Message Boards Message Boards

3
|
8201 Views
|
16 Replies
|
7 Total Likes
View groups...
Share
Share this post:

Simple Key Phrase Extraction For URL Classification

POSTED BY: David Johnston
16 Replies

Okay, here is what I got so far. Not working of course. lol Is "markovClassifier.m" just a name you give to be able to retrieve it again later or is it a specific function? Basically I am trying to test to see if there is a classification already. Probably should name it the same as the urlTarget so that way if I change that url parameter it will do a new fresh classification but if I use the same url again it will use the saved version.

CloudDeploy[
 APIFunction[{"textSample" -> "String", "urlTarget" -> "URL"}, 
  checkURL;, "JSON" &];
 checkURL = {If[urlTarget != "", checkSample, "Empty URL Parameter"]};
 checkSample = {If[textSample != "", func, 
    "Empty Text Sample Parameter"]};
 func = {
   If[CloudEvaluate[Get["markovClassifier.m"]] != "", 
    c[textSample, "Probabilities"],
    excludedDomains = {"cart", "my-account", "pricing"};
    includedDomains = {urlTarget};
    linkList = 
     Commonest[Select[Select[Import[urlTarget, {"HTML", "Hyperlinks"}],
        StringFreeQ[#, excludedDomains] &], ! 
         StringFreeQ[#, includedDomains] &], 20];
    texts = Import /@ linkList;
    c = Classify[texts -> linkList];
    With[{c = Compress[c]}, 
     CloudEvaluate[Put[Uncompress[c], "markovClassifier.m"]]];
    Quiet[
     CloudDeploy[
      FormFunction[{"text" -> "String"}, 
       Get["markovClassifier.m"][#text] &], "myform"]];
    c[textSample, "Probabilities"]
    ]};
 ]
POSTED BY: David Johnston

lol Is "markovClassifier.m" just a name you give to be able to retrieve it again later or is it a specific function?

It is a file name that is used to retrieve the data later.

POSTED BY: Hernan Moraldo

For filtering the links, you can use something like this:

urls = Import[
  "http://en.wikipedia.org/wiki/Albert_Einstein", {"HTML", 
   "Hyperlinks"}]

excludedDomains = {"http://commons.wikimedia.org/", "http://wiki.ubuntu.com"};

Select[urls, StringFreeQ[#, excludedDomains] &]

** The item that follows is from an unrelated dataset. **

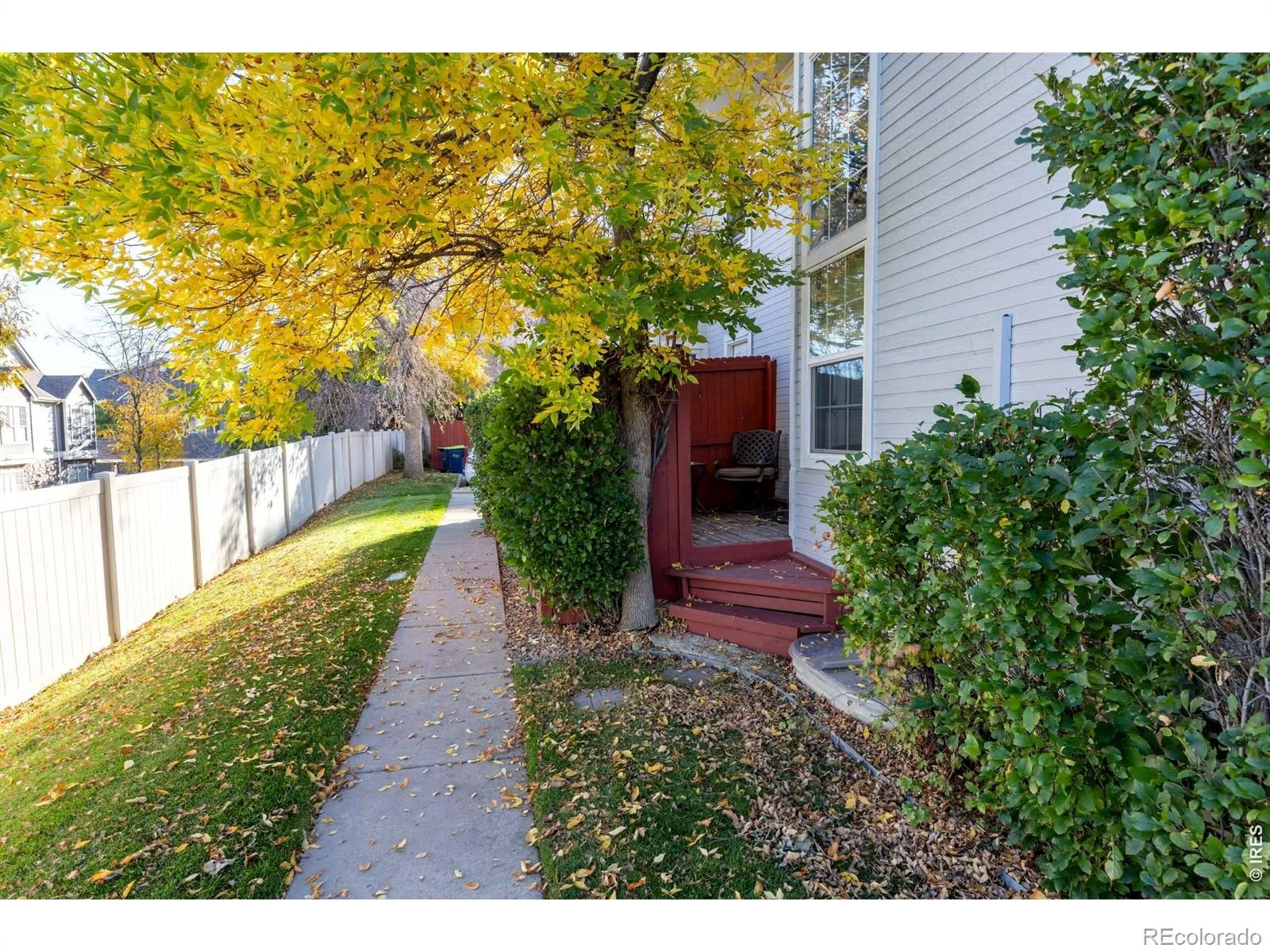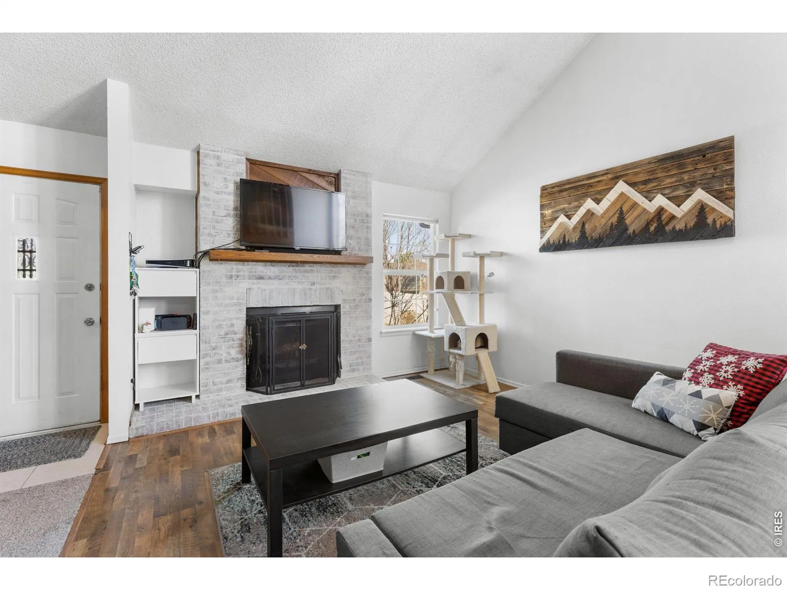 Fantastic END-UNIT townhome-style condo with no one above or below you! Ideally positioned within the complex facing a grassy open area, this home offers added privacy and a peaceful setting. Move-in ready with numerous updates including NEW WINDOWS, fresh interior paint, NEW carpet, new oven/stove, NEW refrigerator, NEW microwave, and a new sump pump. The open floor plan features VAULTED ceilings, NEW LVP flooring in the family room, and a cozy wood-burning fireplace. The kitchen shines with beautiful granite countertops, a PANTRY, NEW dishwasher and NEW refrigerator, and direct access to your private north-facing patio; perfect for relaxing or entertaining. Upstairs offers a large bedroom plus a versatile LOFT space ideal for a home office, workout area, or additional living space. The unfinished full basement provides excellent potential to expand with future bedroom(s), recreation space, or simply enjoy the abundant storage. The laundry area is located in the basement. Centrally located with easy access to I-25 and within walking distance to Willowbrook Park, shopping, and everyday conveniences. This is low-maintenance living with space, privacy, and future potential all in one. HOA includes not only roof and exterior, but also water and sewer!

to have included domains instead, you'd do:

Select[urls, !StringFreeQ[#, includedDomains] &]
POSTED BY: Hernan Moraldo

That was an awesome tip. Thanks! Here is what I built from your snippet.

urlTarget = "http://www.businesstexter.com"
excludedDomains = {"cart", "my-account", "pricing"};
includedDomains = {urlTarget};

Commonest[
 Select[Select[Import[urlTarget, {"HTML", "Hyperlinks"}], 
   StringFreeQ[#, excludedDomains] &], ! 
    StringFreeQ[#, includedDomains] &], 20]
POSTED BY: David Johnston
POSTED BY: David Johnston

You can use more complex patterns to tell it where the string you want to exclude have to be. For example if I just say "i", this code will exclude all elements that have an "i" within them:

In[7]:= bigList = {"a", "item1", "item2", "item3", "item4", "item6", 
   "item7", "item8", "item9", "i5"};
excludedElements = {"item1", "item2", "item5", "item6", "i"};
Select[bigList, StringFreeQ[#, excludedElements] &]

Out[9]= {"a"}

I can instead specify that elements need to be excluded only if the "i" is surrounded by word boundaries (like symbols, spaces, etc., but not including digits):

In[22]:= bigList = {"a", "item1", "item2", "item3", "item4", "item6", 
   "item7", "item8", "item9", "i.5"};
excludedElements = {"item1", "item2", "item5", "item6", 
   WordBoundary ~~ "i" ~~ WordBoundary};
Select[bigList, StringFreeQ[#, excludedElements] &]

Out[24]= {"a", "item3", "item4", "item7", "item8", "item9"}

(notice the new pattern helps get rid of "i.5" but not of "item3").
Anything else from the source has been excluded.